Он довез меня до самого дома и, хмуро кивнув головой на мое "спасибо", повез сдавать овес в упродком*.
______________
* Упродком - уездный продовольственный комиссариат.
А я, с опаской посмотрев на окна нашей квартиры, зашагал во двор, радуясь тому, что окна заледенели и через них ничего не видать.
Стараясь не стучать, я поднялся по лестнице, осторожно отставил костыли в угол за шкаф и постучал в дверь.
За дверями послышался мелкий топот. И по пыхтенью я понял, что это Танюшка тужится, открывая крючок двери.
- Мама дома? - спросил я у не узнавшей меня сестренки.
- Нет! - ответила она, и испуганные глаза ее блеснули слезинками.
- А-ах... не-ет! - весело закричал я, подхватывая костыли и вваливаясь в комнату. - А-ах... нет! А ты без мамы и пускать меня не хочешь!..
Я сбросил сумку, шинель и, усевшись на кровати, обнял не совсем еще оправившуюся от испуга девчурку.
- Господи, Борька!.. Ну, Борька!.. Ну, какой ты ужасный солдат! Ну, как папа был солдат, так и ты солдат... - стрекотала Танюшка. И, целуя меня, она добавила протяжно и укоризненно: - Бо-о-орька! Борька! И что ты как давно не писал, а уже мама думала, думала. И я тоже думала, думала. Да вот погоди она сейчас с базара придет - все сама расскажет.

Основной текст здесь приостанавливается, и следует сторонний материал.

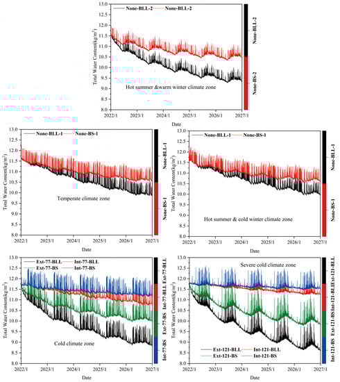 In the temperate climate zone, the risk ratio of wall None-BLL-1 of BLL was 0.80%, and the risk ratio of wall None-BS-1 of BS was 3.11%. In the hot summer and cold winter climate zone, the risk ratio of wall None-BLL-1 of BLL was 1.24%, and the risk ratio of wall None-BS-1 of BS was 3.40%. In the hot summer and warm winter climate zones, the risk ratio of wall None-BLL-2 of BLL was 0.69%, and the risk ratio of wall None-BS-2 of BS was 1.26%. Results show that the four walls had a low risk ratio in the three climate zones. In the cold and severe cold climate zone, wall Int-121-BLL and Int-77-BLL had a maximum risk ratio of 5.86%, and the risk ratio of the rest of the walls was less than 4.00%, which confirms that the eight walls have a low long-term risk of mold growth in the remaining climate zones.
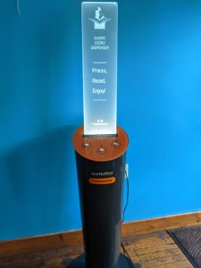 I have never seen a Short Story Dispenser before, and I was surprised I was the only one admiring its beauty and genius. There are three buttons: Press 1 for a short, 1-minute story; 2, for a 3-minute story; 3, for a children’s story. So, I did, and the dispenser printed out my selected story on paper that reminded me of one of the long receipts that some retail stores print, except the stories were interesting. (looking at you, national drug store chain, and you know who you are.)
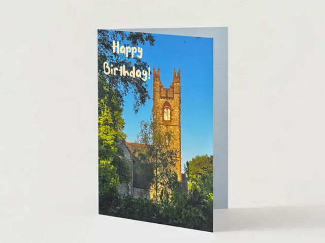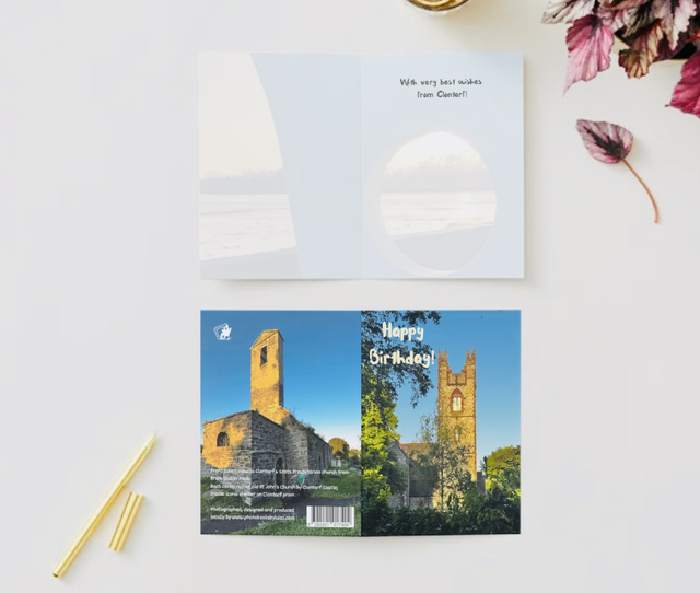 A birthday card with Scott’s and Presbyterian church in front, a ruin of John the Baptist church at the back, and a faded photo of iconic prom shelter.

Я оглянулся. Все стояло на старом месте... и шкаф, и кровать, и старый треногий диван. Я посмотрел на стену - там было новое.

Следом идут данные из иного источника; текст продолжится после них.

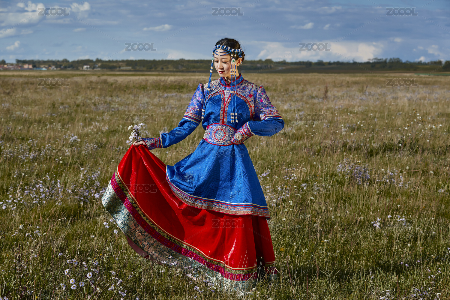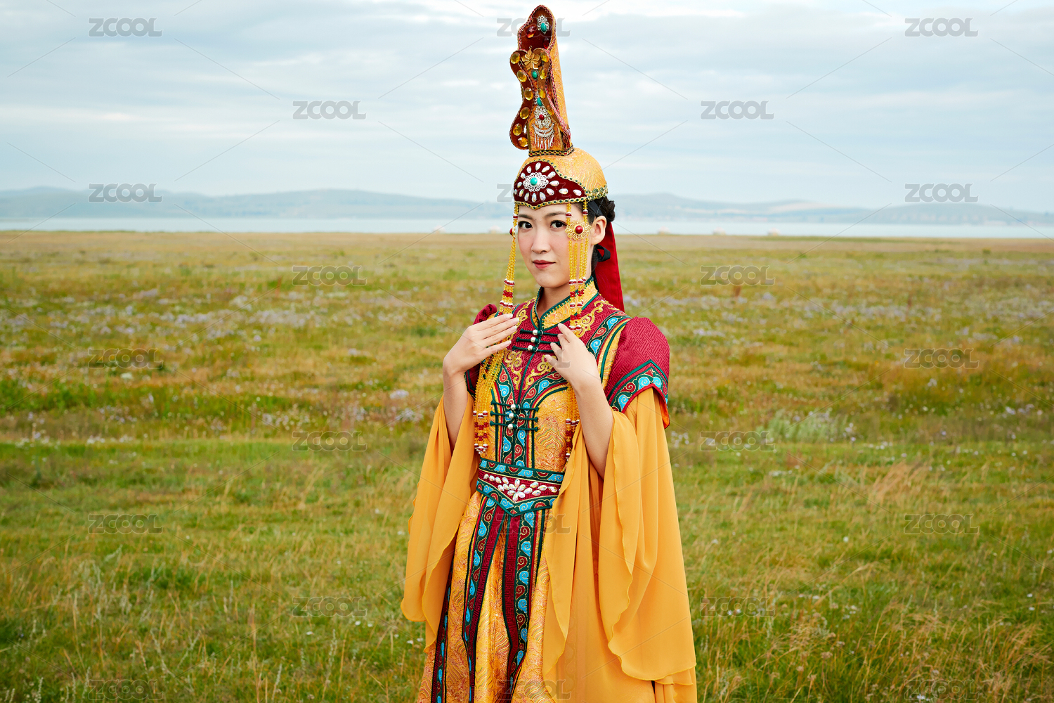 草原上穿著蒙古族傳統(tǒng)服飾的年輕少女

Прямо со стены глядел на меня большой портрет отца - в такой же, как у меня, серой папахе и в такой же шинели, и был тот портрет обведен траурной каймою из красной и черной материи.

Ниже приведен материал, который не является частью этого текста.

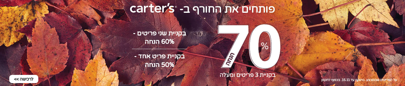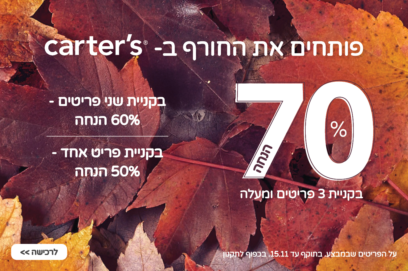 var widgetOptions = { apiKey: "035e97be-b3e9-42af-9165-eaa6bd1c579e", snippetId: "d506da47c74cb1921957" }; (function (n) { var u = function () { GlassixWidgetClient && typeof GlassixWidgetClient == "function" ? (window.widgetClient = new GlassixWidgetClient(n), widgetClient.attach(), window.glassixWidgetScriptLoaded && window.glassixWidgetScriptLoaded()) : f() }, f = function () { r.onload = u; r.src = "https://cdn.glassix.net/clients/widget.1.2.min.js"; i.parentNode.removeChild(t); i.parentNode.insertBefore(r, i) }, i = document.getElementsByTagName("script")[0], t = document.createElement("script"), r; (t.async = !0, t.type = "text/javascript", t.crossorigin = "anonymous", t.id = "glassix-widget-script", r = t.cloneNode(), t.onload = u, t.src = "https://cdn.glassix.com/clients/widget.1.2.min.js", !document.getElementById(t.id) && document.body) && (i.parentNode.insertBefore(t, i), t.onerror = f) })(widgetOptions) window.interdeal = { "sitekey": "13e8058b9fdc91c7d185f3ed998b3226", "Position": "Left", "Menulang": "HE", "domains" : { "js": "https://js.nagich.co.il/", "acc": "https://access.nagich.co.il/" }, "btnStyle": { "vPosition": [ "80%", null ], "scale": [ "0.6", "0.6" ], "icon": { "type": 11, "shape": "circle", "outline": true } } }; (function(doc, head, body){ var coreCall = doc.createElement('script'); coreCall.src = interdeal.domains.js + 'core/4.5.7/accessibility.js'; coreCall.defer = true; coreCall.integrity = 'sha512-gpqKsoeiydxhKkTxKWIuaBa2ecvqnbbrt714imvpTPiFl1hGlfoU2MlGypZqZZR8ddeQE1sJeXfMZ9XECRTo3Q=='; coreCall.crossOrigin = 'anonymous'; coreCall.setAttribute('data-cfasync', true ); body? body.appendChild(coreCall) : head.appendChild(coreCall); })(document, document.head, document.body); (function(doc, head, body){ var s = doc.createElement("script"); s.src = "https://ajax.googleapis.com/ajax/libs/jquery/3.6.3/jquery.min.js"; s.defer = true; body? body.appendChild(s) : head.appendChild(s); })(document, document.head, document.body); (function(doc, head, body){ var s = doc.createElement("script"); s.src = "https://cloudfront.barilliance.com/cartersoshkosh.co.il/cbar.js.php"; s.defer = true; body? body.appendChild(s) : head.appendChild(s); })(document, document.head, document.body);

- Это тебя на войне убили? - спросила Танюшка, осторожно дотрагиваясь пальцем до костыля.
- На войне! - рассмеялся я и сунул костыли под кровать.
- А у нас, Борька, горе какое! Ну такое горе! Такое горе! - И сестра грустно посмотрела на меня.
- Какое еще горе? - встревоженно спросил я, пододвигая ее к себе.
- А такое горе, что Лизочка уже умерла!
- Какая еще Лизочка? - спросил я, не понимая и перебирая в памяти всю веселую ораву моих двоюродных сестричек, живших в деревне неподалеку от Арзамаса.
- Как - какая? - И Танюшка подняла на меня печальные и изумленные глаза. - А наша-то Лизка - кошка такая. Помнишь? Да она-то еще один раз с печки спрыгнула - и молоко опрокинула. Ну, вспомнил теперь?..
- Вспомнил, Танюша!
Пришла мать. Распахнув дверь, она остановилась. Внимательно посмотрела на меня. Поставила на пол корзину и, подойдя, крепко обняла меня. Сбросила платок, холодными от мороза руками взяла мою голову, посмотрела мне в лицо и сказала дрогнувшим голосом:
- Похудел. Побледнел. А вырос-то, а вырос-то! Да встань ты с кровати! Дай я на тебя посмотрю.
- Мне, мама, неохота с кровати вставать, - отказался я. - Я бы, пожалуй... да у меня нога немного побаливает.
- Отчего побаливает? - И мать подозрительно посмотрела вокруг. - То-то я слышу, что йодоформом пахнет.
- А оттого побаливает, что еще не зажила. То есть уже зажила, да еще не совсем.
- Он с палками пришел, - вмешалась Танюшка, вытягивая из-под кровати костыли. - Как пришел, так под кровать их спрятал, а сам сидит!
- Ранен? - тихо спросила мать.
- Немножко, - ответил я. - Да ты не думай ничего, мама, все прошло...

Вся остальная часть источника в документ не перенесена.